La présente proposition apporte des modifications ciblées au cadre prudentiel actuellement applicable aux établissements de crédit, afin d’atteindre les objectifs suivants:

- introduire une plus grande sensibilité aux risques dans le cadre existant;

- réduire les niveaux injustifiés de non-neutralité des fonds propres;

- établir une distinction entre les initiateurs/sponsors et les investisseurs en ce qui concerne le traitement prudentiel des titrisations;

- atténuer les écarts indus entre l’approche standard (SEC-SA) et l’approche fondée sur les notations internes (SEC-IRBA) pour le calcul des exigences de fonds propres liées aux titrisations, et

- rendre plus solide et plus prévisible le cadre applicable aux transferts de risque significatifs.
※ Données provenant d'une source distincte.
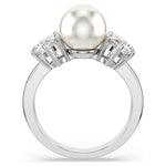 This refined Matrix cocktail ring delivers a fresh twist on a classic silhouette. The rhodium plated design is distinguished by a white Swarovski Crystal Pearl at the center, accompanied either side by prong-set Swarovski Zirconia. A luxurious piece offering instant elegance.
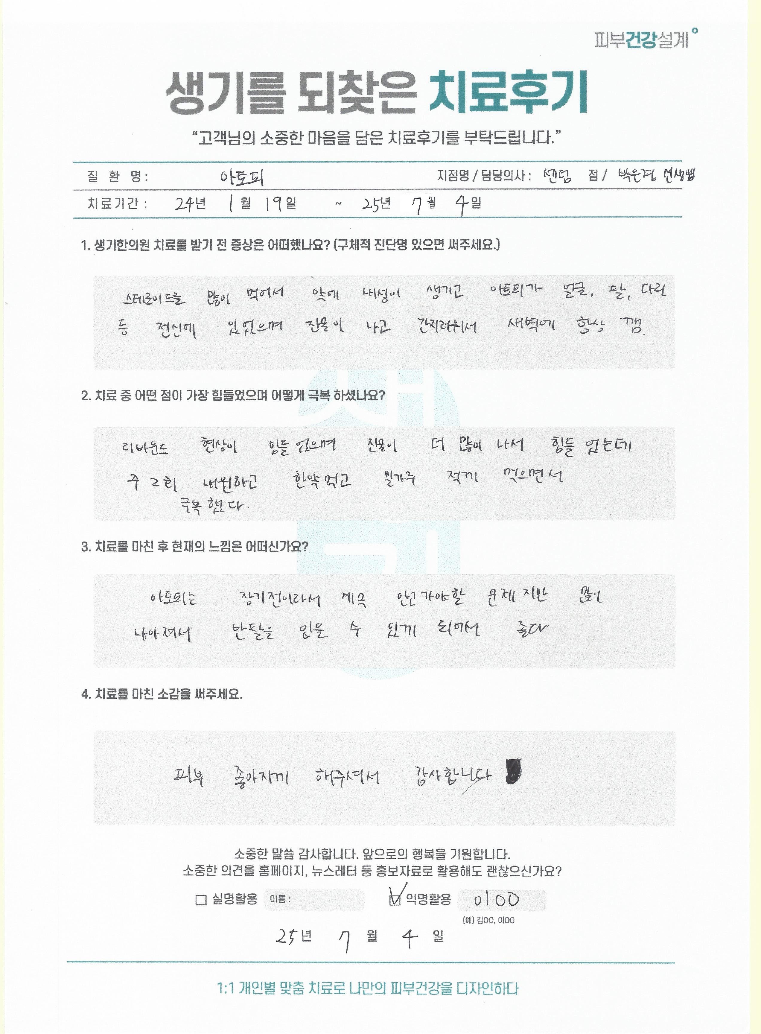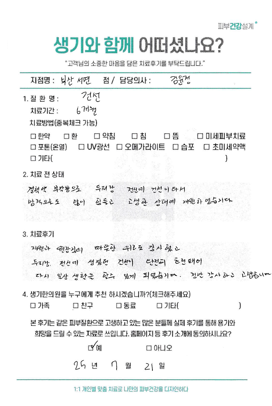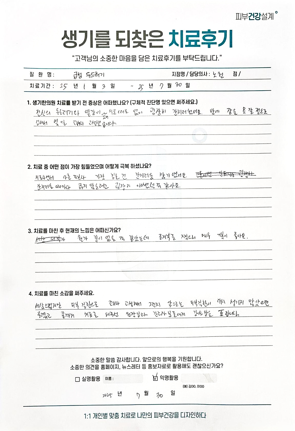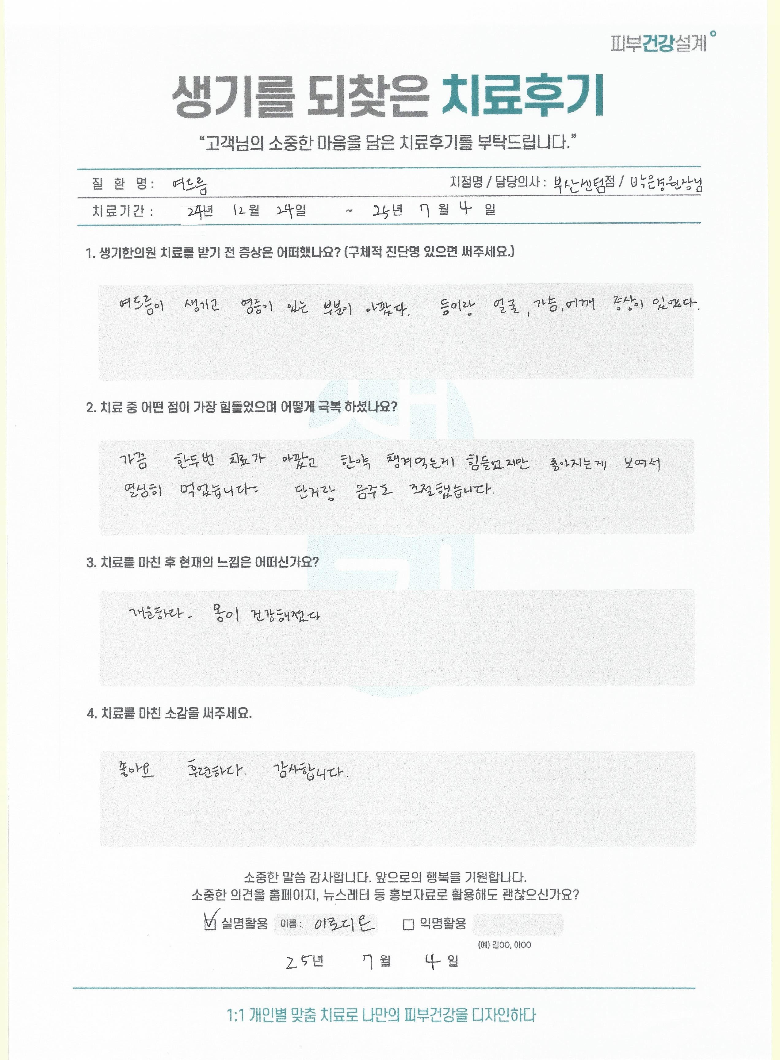 생기한의원과 함께하신 생생한 자필 및 영상 후기를 소개합니다.
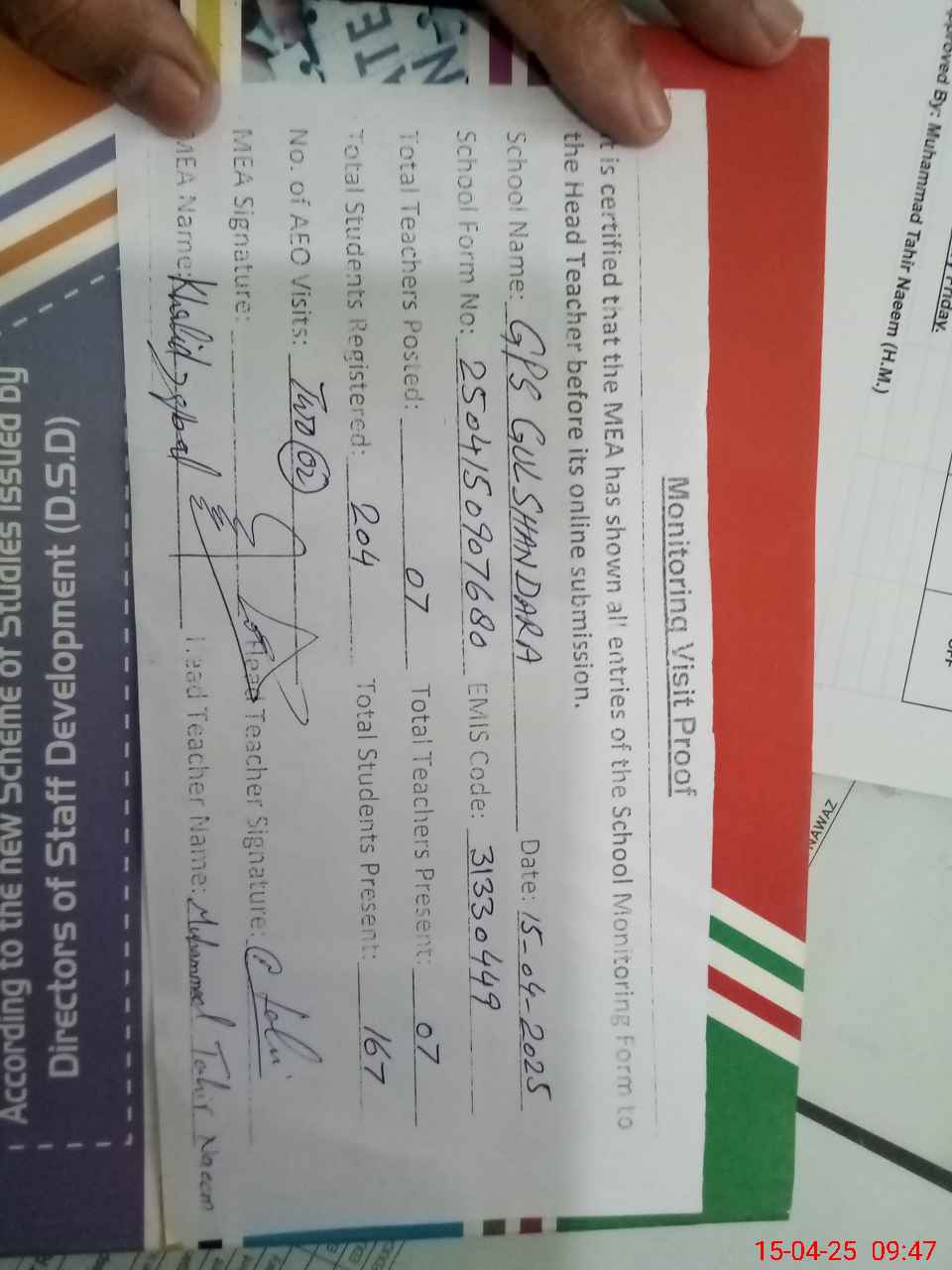 | EMIS Code: 31330449 | Name of School: GPS GULSHANDARA | |||
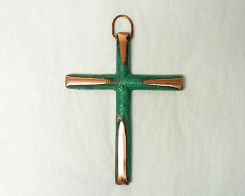 Solid Copper Cross, sand casted in our foundry. Oxidized and buff-polished in select areas. Copper ring for hanging. Measures to approximately 6"x4 1/2". All are individually handmade, and although sizes remain consistent, the shiny buffed areas will vary from piece to piece. Photos are representative only. Each piece is unique.
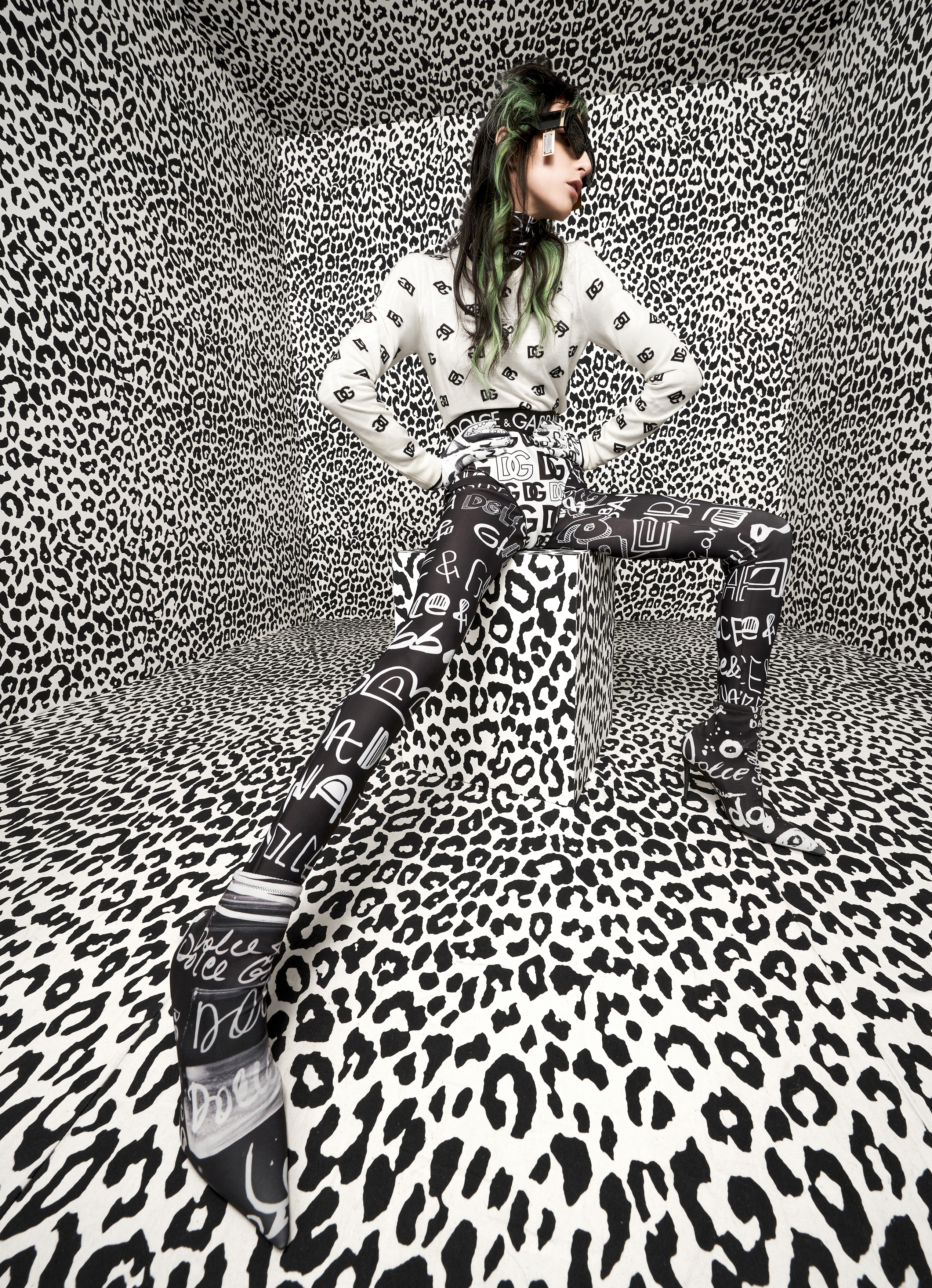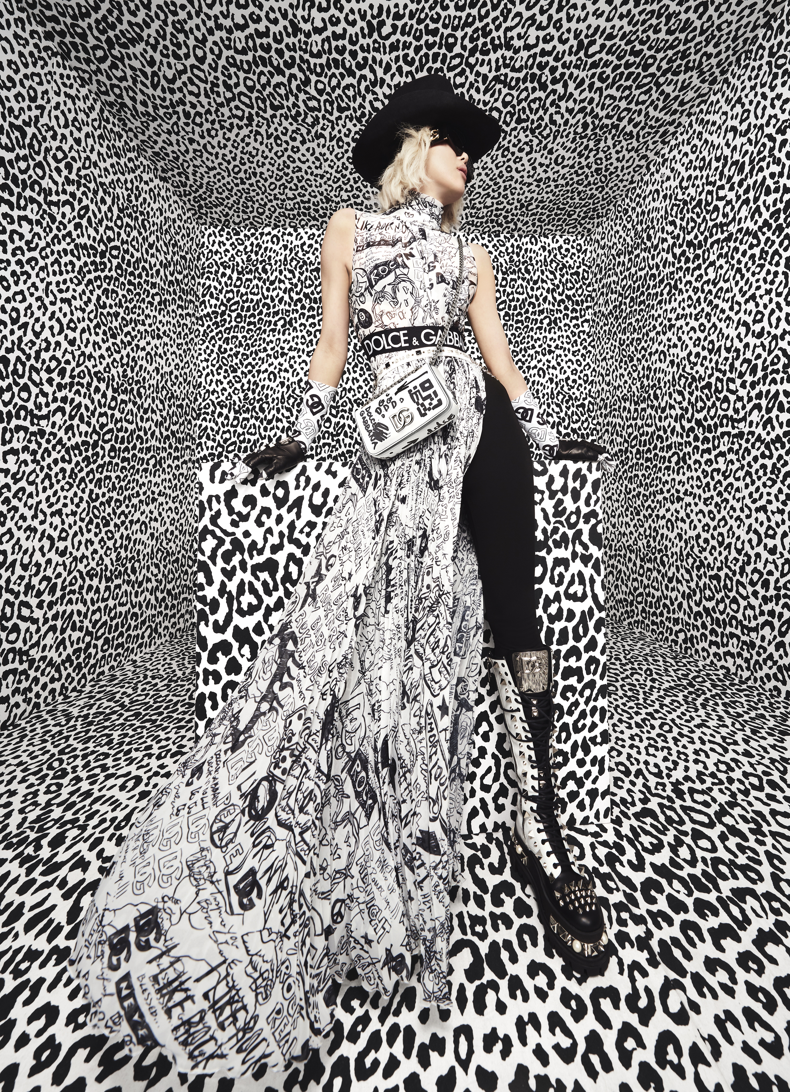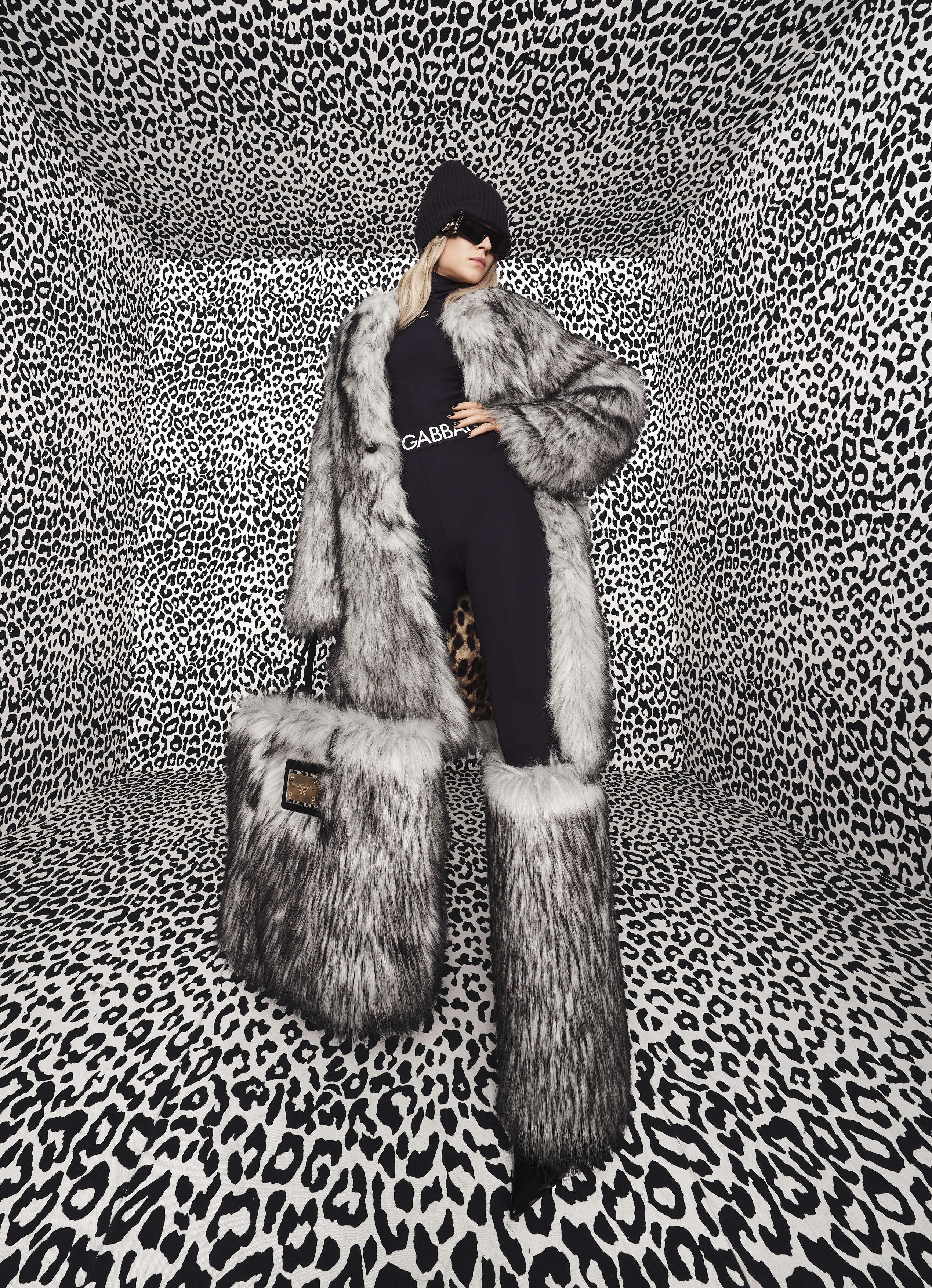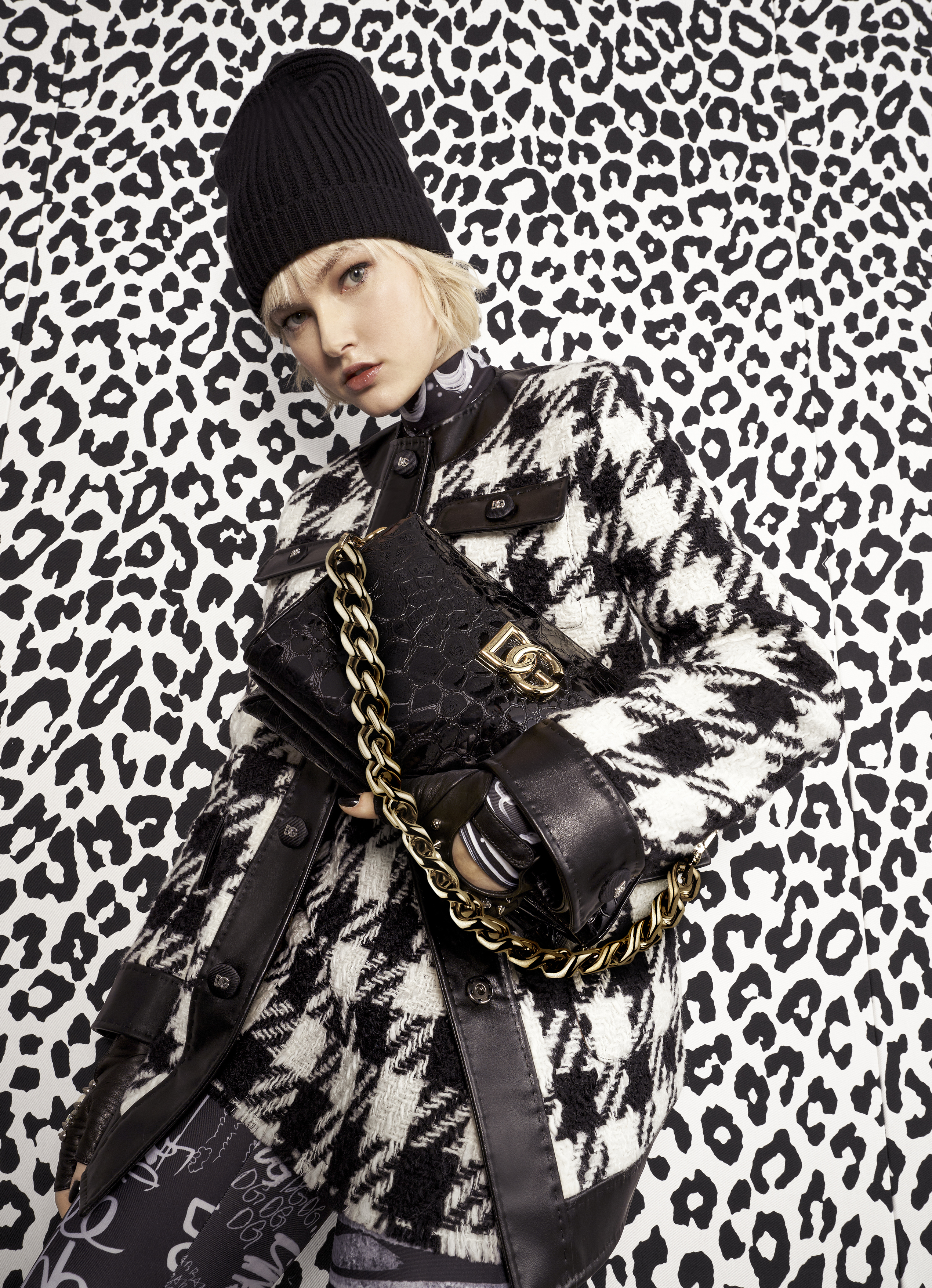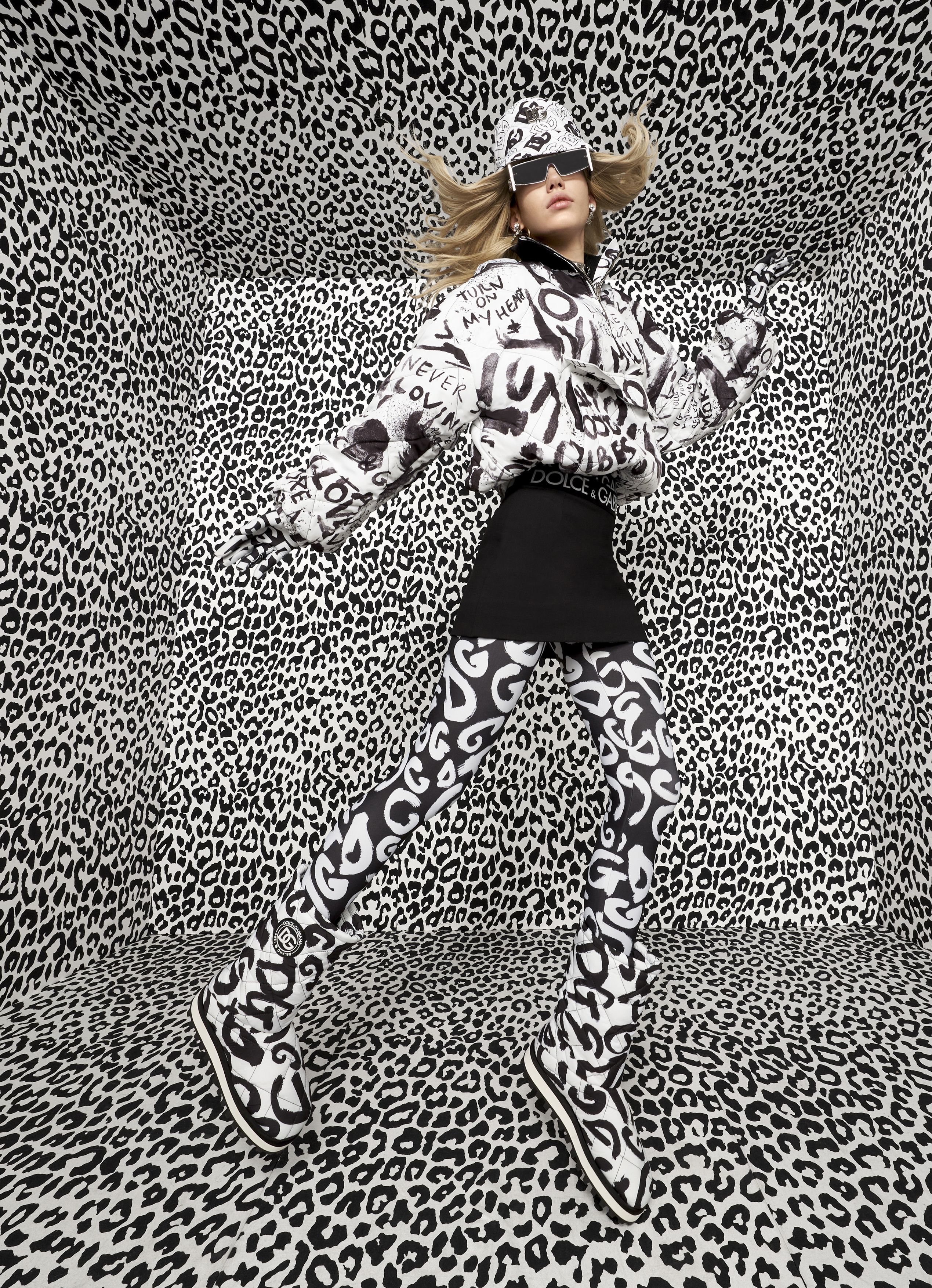 In a game of contrasts of volumes, new silhouettes envelop the women's bodies with important shoulders, zips, shortened dresses and denim cuissards. Bomber jackets and trousers in Sicilian black leather alternate with funny eco-furs. Defined by a unique cheeky and mysterious personality, the looks are composed of a mix of optical patterns and hyper-graphic logos.

Les modifications proposées du CRR concernent les deux domaines suivants:

1) le calibrage des deux principaux paramètres qui déterminent le niveau de non-neutralité, utilisé dans le calcul des fonds propres réglementaires pour prendre en compte les risques inhérents à la titrisation, à savoir le plancher de pondération pour risque, pour les positions de titrisation de rang supérieur, et le facteur (p); et

2) le cadre applicable au transfert de risque significatif. Plusieurs modifications techniques supplémentaires sont proposées pour remédier à certaines incohérences techniques, comme recommandé dans le rapport 2022 du comité mixte des autorités européennes de surveillance et comme proposé par les parties prenantes dans le cadre de la consultation de la Commission.

Ces propositions devraient permettre de réduire les obstacles prudentiels injustifiés qui empêchent les établissements de crédit d’effectuer des opérations de titrisation. Elles devraient également accroître la viabilité économique des titrisations en tant qu’outils de transfert des risques.